Generating a sample parquet file:

import jollyjack as jj
import pyarrow.parquet as pq
import pyarrow as pa
import numpy as np

from pyarrow import fs

chunk_size = 3
n_row_groups = 2
n_columns = 5
n_rows = n_row_groups * chunk_size
path = "my.parquet"

data = np.random.rand(n_rows, n_columns).astype(np.float32)
pa_arrays = [pa.array(data[:, i]) for i in range(n_columns)]
schema = pa.schema([(f'column_{i}', pa.float32()) for i in range(n_columns)])
table =  pa.Table.from_arrays(pa_arrays, schema=schema)
pq.write_table(table, path, row_group_size=chunk_size, use_dictionary=False, write_statistics=True, store_schema=False, write_page_index=True)

Generating a numpy array to read into:

# Create an array of zeros
np_array = np.zeros((n_rows, n_columns), dtype='f', order='F')

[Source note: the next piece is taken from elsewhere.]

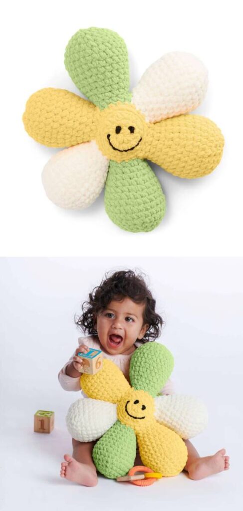 Give the nursery a cheerful boost with this bright crochet pillow, thoughtfully designed using Bernat Baby Blanket yarn.
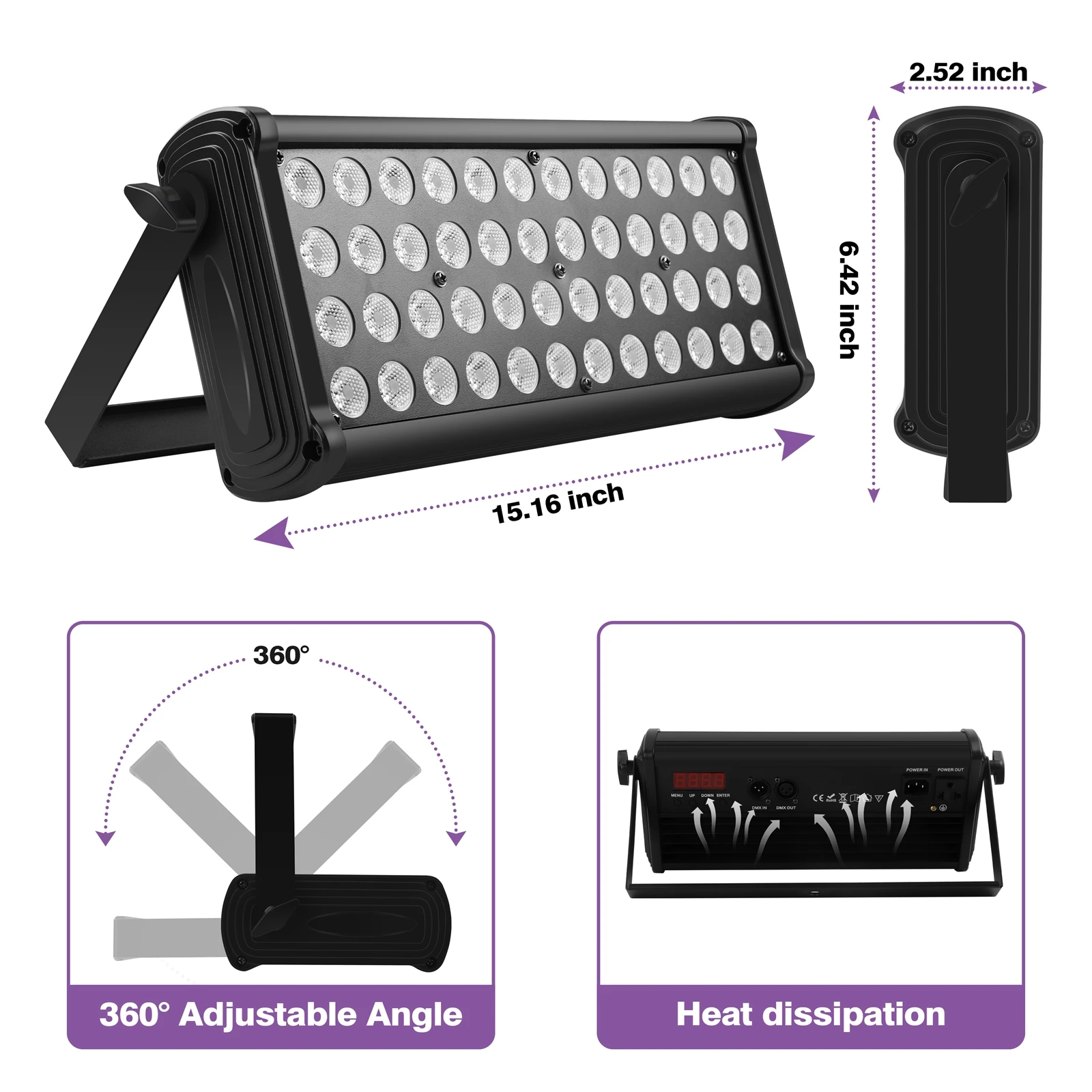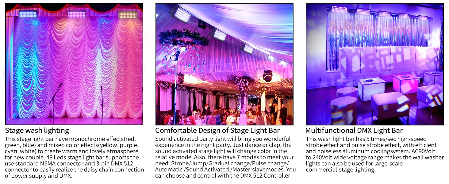 Comprar U'King-luz cuadrada para lavado de pared, 80W, 48LED, RGB, luces para DJ, mezcla de colores, efecto arcoíris, resaltajes para exteriores edificios

Reading entire file into numpy array:

pr = pq.ParquetReader()
pr.open(path)

row_begin = 0
row_end = 0

for rg in range(pr.metadata.num_row_groups):
    row_begin = row_end
    row_end = row_begin + pr.metadata.row_group(rg).num_rows

    # To define which subset of the numpy array we want read into,
    # we need to create a view which shares underlying memory with the target numpy array
    subset_view = np_array[row_begin:row_end, :] 
    jj.read_into_numpy (source = path
                        , metadata = pr.metadata
                        , np_array = subset_view
                        , row_group_indices = [rg]
                        , column_indices = range(pr.metadata.num_columns))

# Alternatively
with fs.LocalFileSystem().open_input_file(path) as f:
    jj.read_into_numpy (source = f
                        , metadata = None
                        , np_array = np_array
                        , row_group_indices = range(pr.metadata.num_row_groups)
                        , column_indices = range(pr.metadata.num_columns))

Reading columns in reversed order:

with fs.LocalFileSystem().open_input_file(path) as f:
    jj.read_into_numpy (source = f
                        , metadata = None
                        , np_array = np_array
                        , row_group_indices = range(pr.metadata.num_row_groups)
                        , column_indices = {i:pr.metadata.num_columns - i - 1 for i in range(pr.metadata.num_columns)})

Reading column 3 into multiple destination columns

with fs.LocalFileSystem().open_input_file(path) as f:
    jj.read_into_numpy (source = f
                        , metadata = None
                        , np_array = np_array
                        , row_group_indices = range(pr.metadata.num_row_groups)
                        , column_indices = ((3, 0), (3, 1)))

Sparse reading

np_array = np.zeros((n_rows, n_columns), dtype='f', order='F')
with fs.LocalFileSystem().open_input_file(path) as f:
    jj.read_into_numpy (source = f
                        , metadata = None
                        , np_array = np_array
                        , row_group_indices = [0]
                        , row_ranges = [slice(0, 1), slice(4, 6)]
                        , column_indices = range(pr.metadata.num_columns)
						)
print(np_array)

Generating a torch tensor to read into:

import torch
# Create a tesnsor and transpose it to get Fortran-style order
tensor = torch.zeros(n_columns, n_rows, dtype = torch.float32).transpose(0, 1)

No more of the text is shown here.